Which Of The Following Statements Correctly Describe The North American Free Trade Agreement (Nafta)

What is clear is that NAFTA is still a flash in the air for political views on globalization and free trade in general. Opposition to NAFTA has grown and made it much more politically difficult to implement other similar free trade agreements. This was clearly demonstrated in the summer of 2005, when the Central American Free Trade Agreement (CEFTA) stagnated in Congress due to a lack of support. Two journalists, Dawn Gilbertson and Jonathan J. Higuera, who wrote in the Republic of Arizona to mark the tenth anniversary of NAFTA, summed it up this way: „The reality of 10-year-old NAFTA is this: an ever-changing story of winners and losers, largely separated by where you work and what you do.“ The same goes for the impact of NAFTA on small businesses. For some, it was an opportunity to grow and for others a challenge to overcome. Under only the current U.S. free trade agreements, NAFTA includes a binational dispute settlement mechanism (Chapter 19) to review anti-dumping and countervailing decisions by a national administrative authority. This mechanism was created as a compromise with Canada under the CFTA, which had attempted to eliminate ACM/CVM between the two countries. Mexico also supported the inclusion of this provision in the NAFTA negotiations. However, some U.S. industry groups that have been negatively affected by the Chapter 19 decisions have called for the repeal of the provisions of the NAFTA Binational Review Body. NAFTA has not eliminated regulatory requirements for businesses that wish to trade internationally, such as rules of origin.
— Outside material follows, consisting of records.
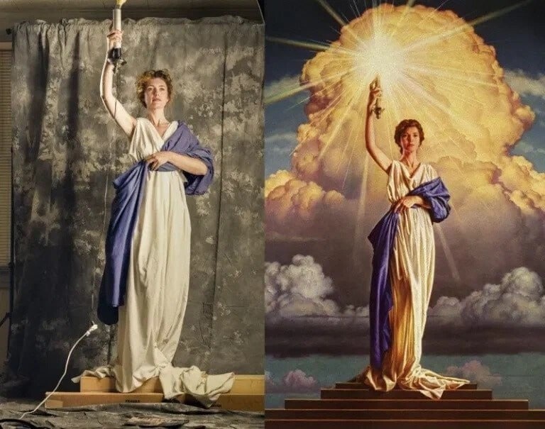 Вы все видели эту девушку, но почти никто не знает, кто она такая. Это не просто логотип компании Columbia Pictures, а настоящий исторический символ. В 1918 году, больше ста лет назад, американцы братья Кон и Джо Брандт основали киностудию с унылым названием CBC Film Sales Corporation — по первым буквам их фамилий. Очень быстро стало понятно, что название звучит не слишком красиво. Тогда Гэри Кон предложил взять один из главных американских символов — девушку Колумбию — и назвать студию Columbia Pictures. Колумбия названа в честь Христофора Колумба и символизирует открытие, свободу и прогресс. Сначала Колумбия на логотипе выглядела как женщина в римских доспехах с щитом и пшеничной ветвью. Но уже в 1928 году добавились развевающийся флаг и факел — чтобы всё выглядело максимально «круто» и по-американски. Позже лого ещё несколько раз обновляли, пока не пришли к нынешнему виду. В 1991 году студия заказала новый логотип художнику Майклу Диасу и фотографу Кэти Андерсон. Чтобы потрениров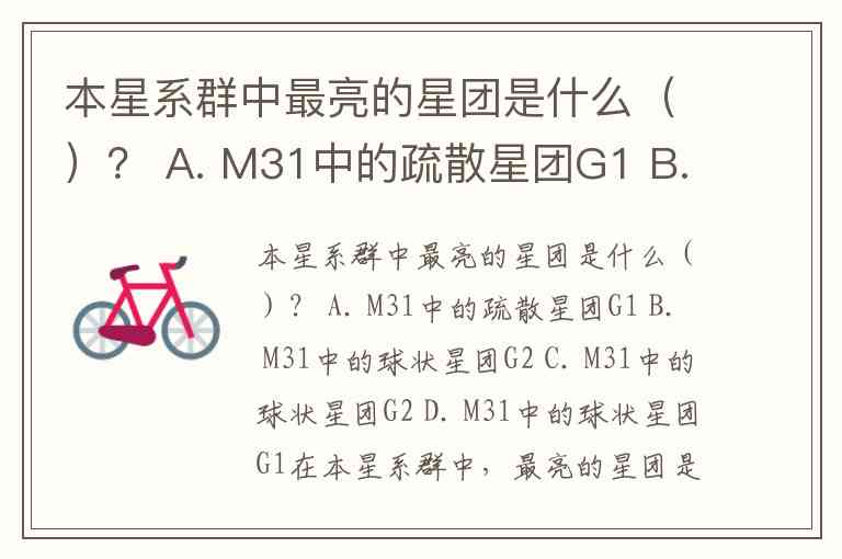 本星系群中最亮的星团是什么()? A. M31中的疏散星团G1 B. M31中的球状星团G2 C. M31中的球状星团G2 D. M31中的球状星团G1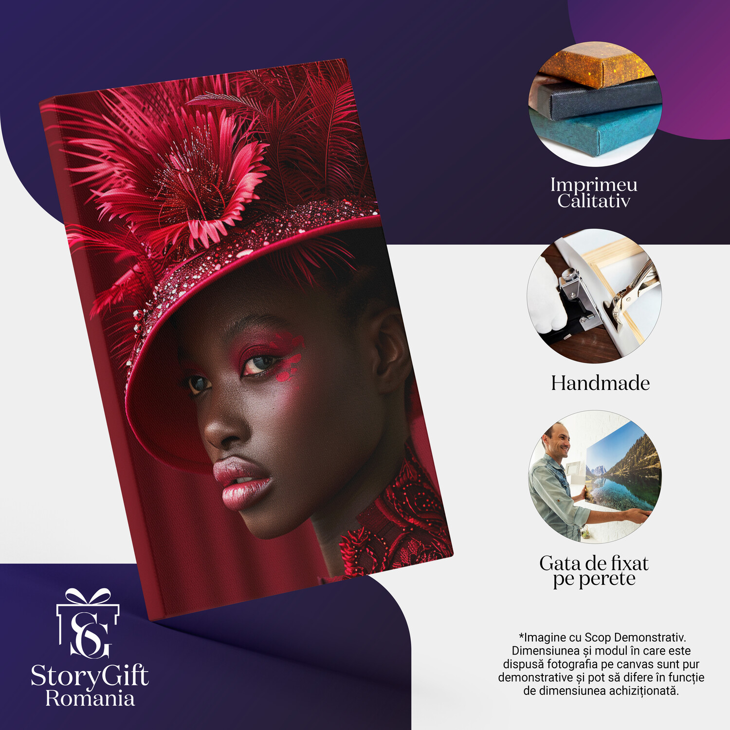 Notă importantă: Precizăm că imaginile de pe site au scop ilustrativ. Detaliile reale ale produsului pot prezenta diferențe minore față de reprezentările digitale, datorită variațiilor de culoare, mărimea tabloului și rezoluția dispozitivelor. Disponibilitatea în diverse dimensiuni ne permite să satisfacem nevoile dvs. specifice; pentru a vă asigura de alegerea potrivită, recomandăm măsurarea atentă a spațiului alocat.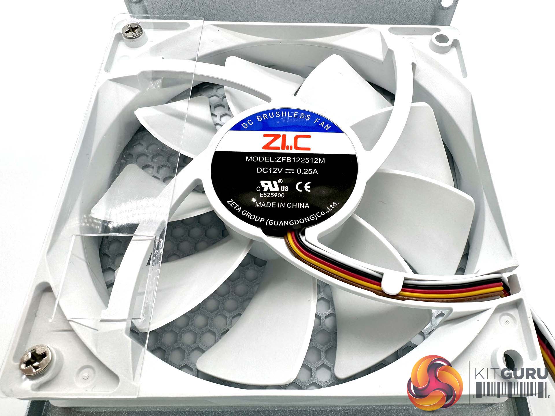 The fan inside is a ZIC ZFB122512M by ZETA Group. As mentioned earlier in the review, this is a double ball bearing fan – they are generally less expensive than fluid dynamic fans and often slightly louder too. Still, I have used plenty of double ball bearing fans for many years as they have good lifespan. A small plastic shroud covers part of the fan, to direct air over specific components underneath.
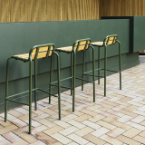 Imagined by designer Simon Legald for Normann Copenhagen, the Vig high stool is part of a collection of small armchairs, armchairs, high chairs and outdoor tables, combining minimalist, timeless aesthetics with functionality. The Vig collection features a design inspired by nature through its organic shapes and use of sustainable materials. All the furniture in the Vig collection is stackable, creating outdoor spaces that are both welcoming and flexible, thanks to a wide range of chairs, small armchairs, armchairs, high chairs, benches and tables in different sizes. Made from double powder-coated steel, the Vig high stool is designed to withstand all weathers. What's more, the seat and back of the Vig Robinia high stool are made from Robinia wood, reinforcing its strength and durability. The organic, soft lines of the Vig high stool evoke nature and the timeless upholstery colours blend harmoniously into any outdoor space. All the furniture in the Vig collection is a suitable solution for creating modular and pleasant outdoor spaces, whether on a balcony, terrace or in a garden.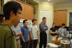 二〇一一年九月九日周五晚在克里蒙特学院联盟附近一个圣徒打开的家中举办了迎新聚会。加州Ontario召会的华语圣徒预备了丰盛的爱筵,学生圣徒们邀约新生前来参加。与会学生共15位,服事者8位(其中5位为安那翰全时间训练的学员,此次福音聚会是华语、英语共同配搭传扬)。学生中有9为新人,6位是福音朋友。学生有华语有英语,大多是本科生(Undergraduate),聚会用英语,为着传扬万邦的福音。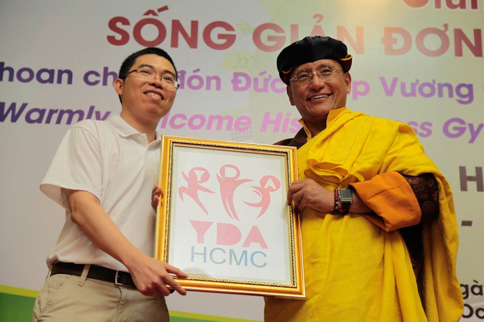 (Đức Pháp Vương Gyalwang Drukpa và Đại diện Câu lạc bộ Tuổi trẻ Thăng Long YDA TP.HCM)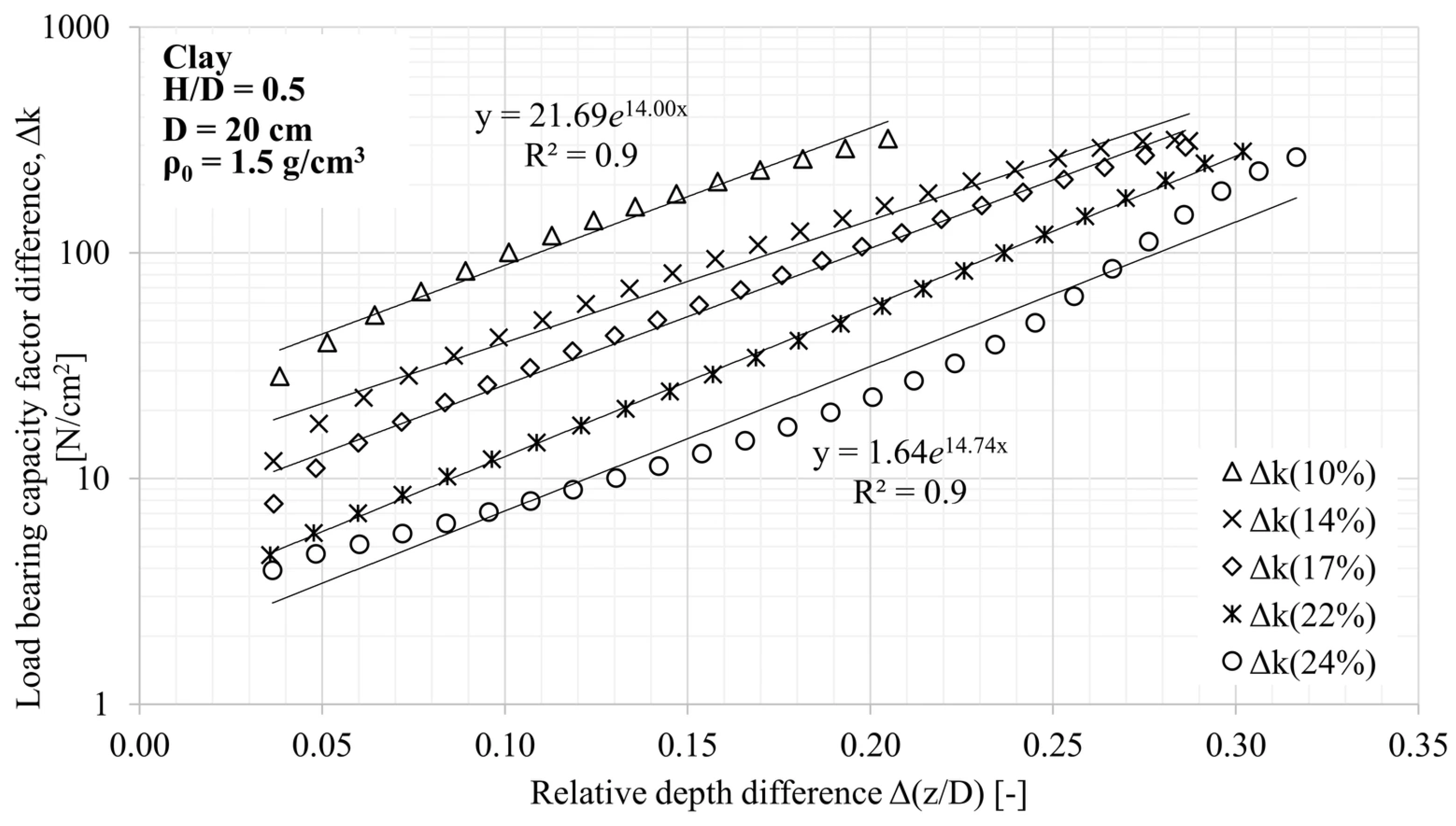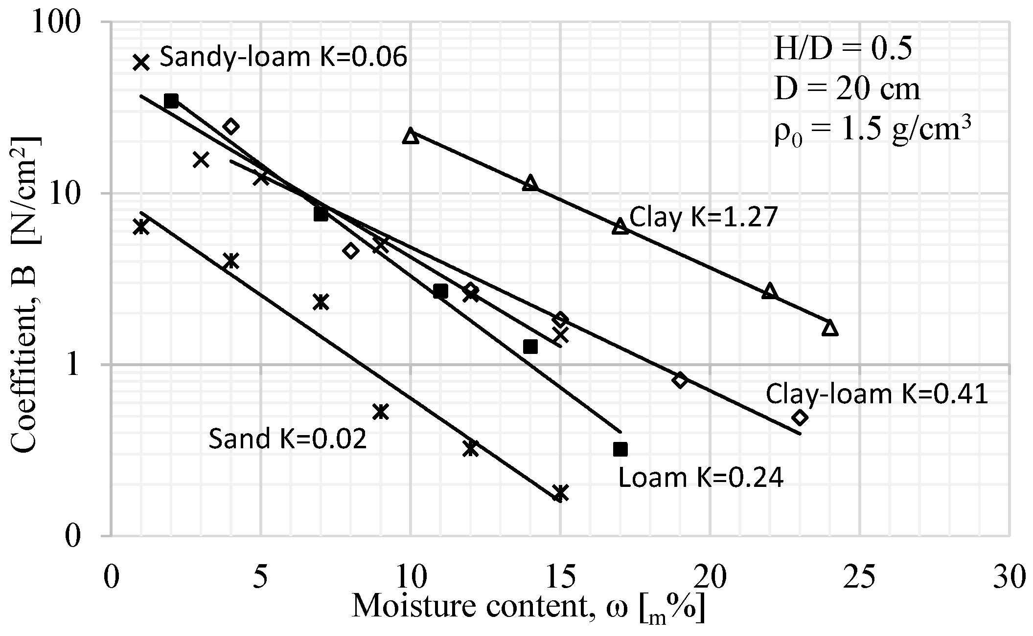 - The exponent (c) of the load-bearing capacity equation is independent of moisture content, thus confirming previous literature knowledge. However, the coefficient (B) is not independent of moisture content and is strongly related to it. Knowing the characteristic value of the clay content of the soil alone is not enough to further investigate the coefficient (B).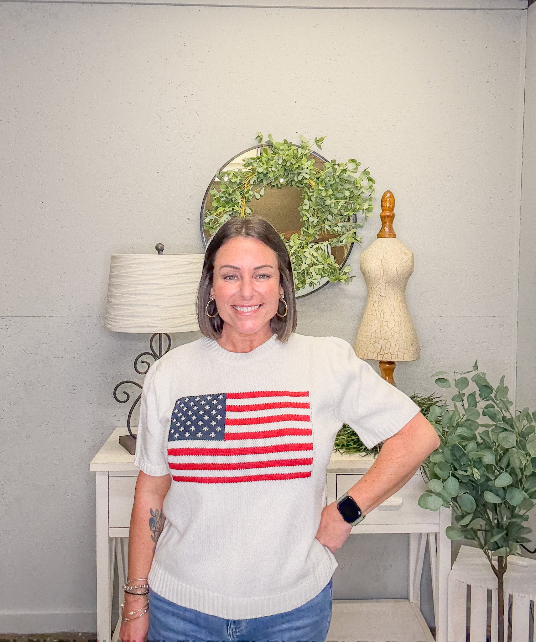 Show off your patriotic spirit in the Stars & Stripes Knit Top! This lightweight, short sleeve knit has a soft, sweater-like feel but is still breathable enough for those sunny summer days. The white base is perfectly accented with a bold American flag pattern across the front—making it a standout choice for cookouts, lake days, or watching fireworks in style.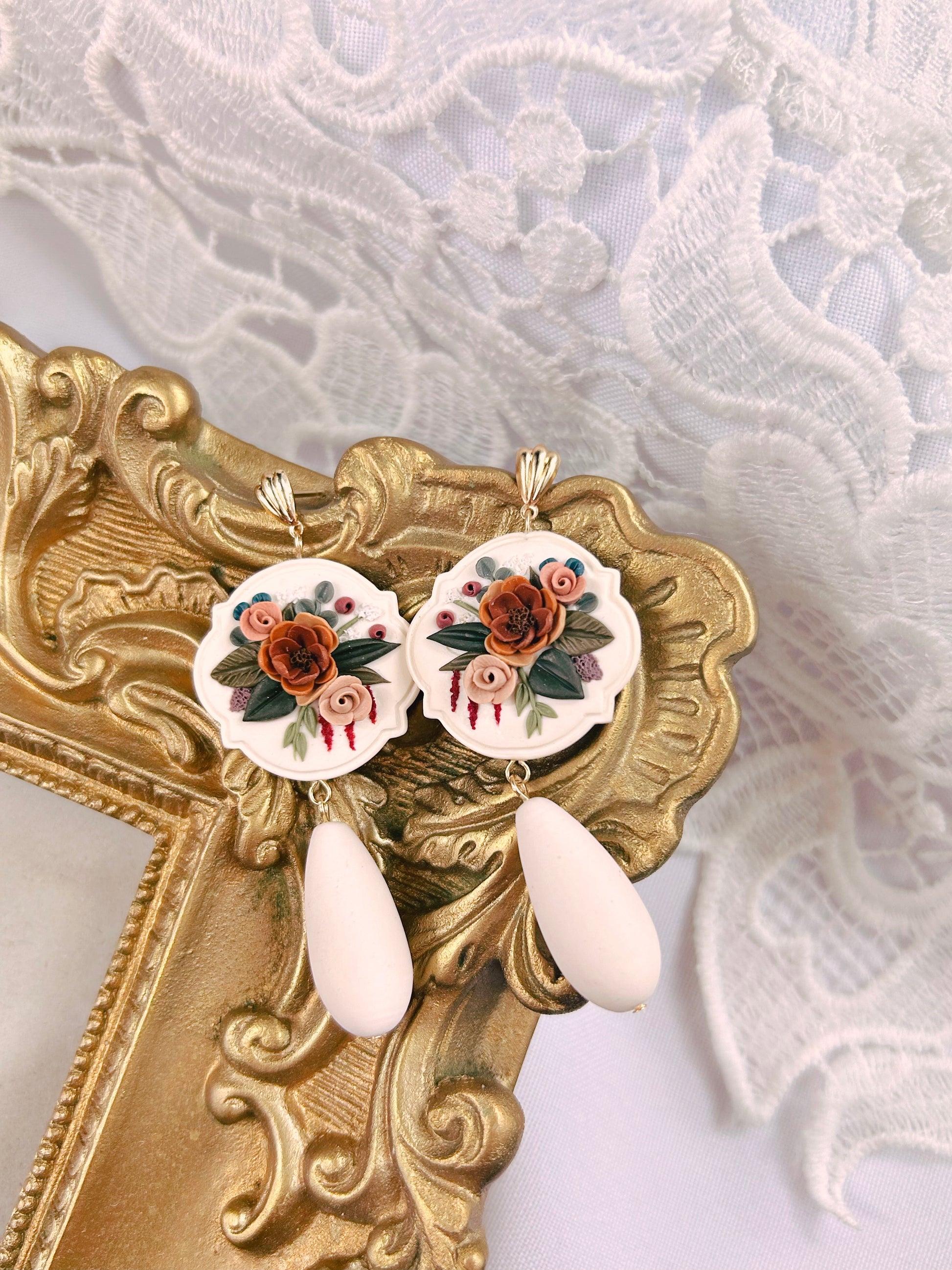• Do not attempt to bend or reshape the earrings, even if they seem flexible. They can and will break with enough pressure. My earrings are all oven-baked and are not meant to be reshaped after they are completed.

B and documentation requirements that determine whether certain goods may be traded under NAFTA. The free trade agreement also includes administrative, civil and criminal penalties for companies that violate the laws or customs procedures of the three countries. A study published in the August 2008 issue of the American Journal of Agricultural Economics found that NAFTA increased U.S. agricultural exports to Mexico and Canada, even though most of the increase occurred a decade after its ratification. The study focused on the impact that progressive periods of „phased implementation“ of regional trade agreements, including NAFTA, have on trade flows. Most of the increase in Members` agricultural trade, which was only recently transferred to the World Trade Organization, was due to very high trade barriers prior to NAFTA or other regional trade agreements. [91] Source: Compiled by CRS using U.S. trade data. Census Bureau, www.census.gov/foreign-trade/balance/country.xlsx (data accessed February 8, 2017). Some of the most significant changes have taken place in the textile, apparel, automotive and agricultural industries.

The removal of barriers to trade in these key industries is summarized below. Fourth, NAFTA has established procedures to resolve trade disputes. The parties would begin with a formal discussion, followed by a discussion at a meeting of the Free Trade Commission, if necessary. If the disagreement was not resolved, a committee reviewed the dispute. The process allowed all parties to avoid costly lawsuits in local courts and helped them interpret the complex rules and procedures of NAFTA. This protection against trade disputes also applied to investors. The objective of NAFTA was to remove barriers to trade and investment between the United States, Canada and Mexico. The introduction of NAFTA on January 1, 1994 resulted in the immediate elimination of tariffs on more than half of Mexico`s exports to the United States.